**Task brief:**
The whole listing below is to be copied exactly, with every picture left out.
START Data shown
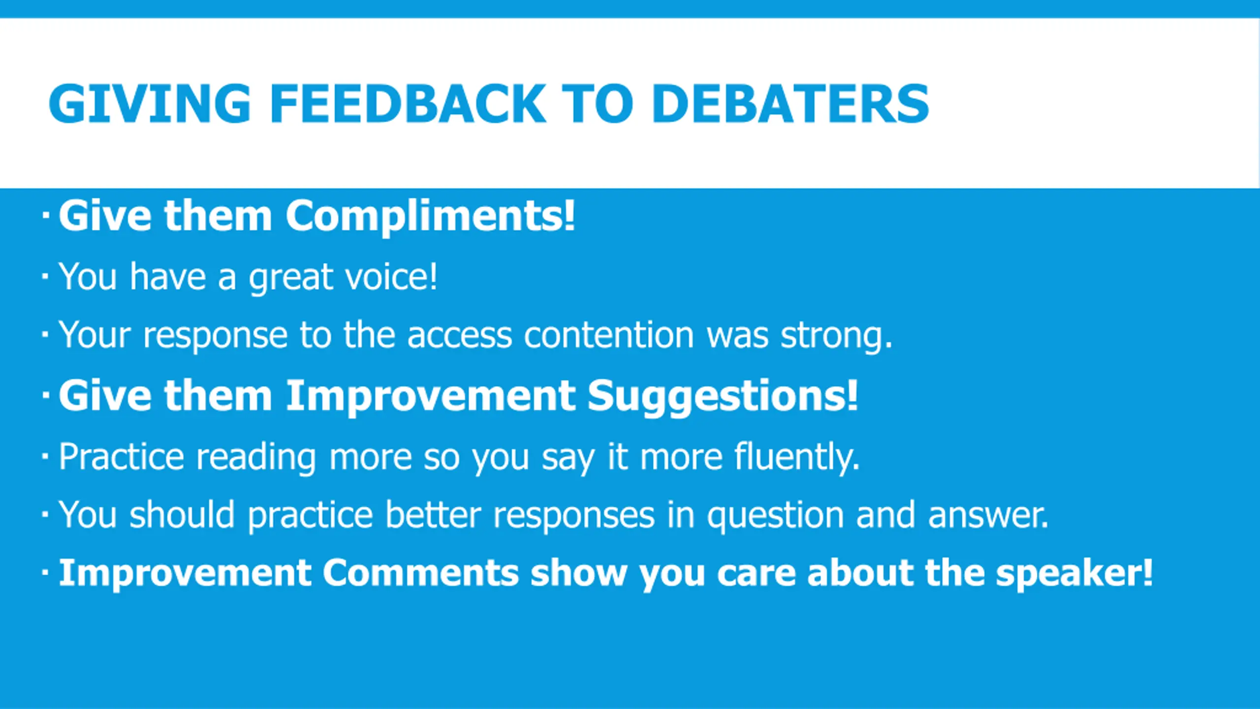 GIVING FEEDBACK TO DEBATERS Give them Compliments! You have a great voice! Your response to the access contention was strong. Give them Improvement Suggestions! Practice reading more so you say it more fluently. You should practice better responses in question and answer. Improvement Comments show you care about the speaker!
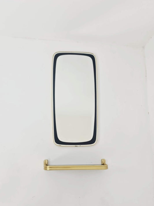 Mid-century Brass & Black Frame Minimalist Mirror and shelf , 1950s, Germany
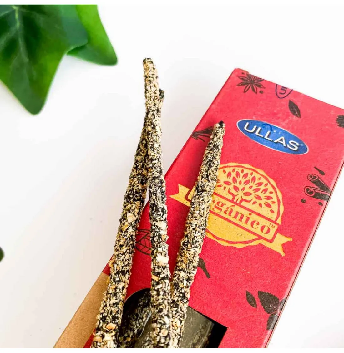 Este incienso se presenta en una caja con forma rectangular. Cada una contiene 25 gramos de incienso. El incienso de Palo Santo de ULLAS está hecho a mano con palos de Palo Santo de alta calidad. Está libre de productos químicos y aditivos, lo que lo convierte en una opción segura y saludable para su uso.
END Data shown
**Solution for this task:**
 GIVING FEEDBACK TO DEBATERS Give them Compliments! You have a great voice! Your response to the access contention was strong. Give them Improvement Suggestions! Practice reading more so you say it more fluently. You should practice better responses in question and answer. Improvement Comments show you care about the speaker!
 Mid-century Brass & Black Frame Minimalist Mirror and shelf , 1950s, Germany
 Este incienso se presenta en una caja con forma rectangular. Cada una contiene 25 gramos de incienso. El incienso de Palo Santo de ULLAS está hecho a mano con palos de Palo Santo de alta calidad. Está libre de productos químicos y aditivos, lo que lo convierte en una opción segura y saludable para su uso.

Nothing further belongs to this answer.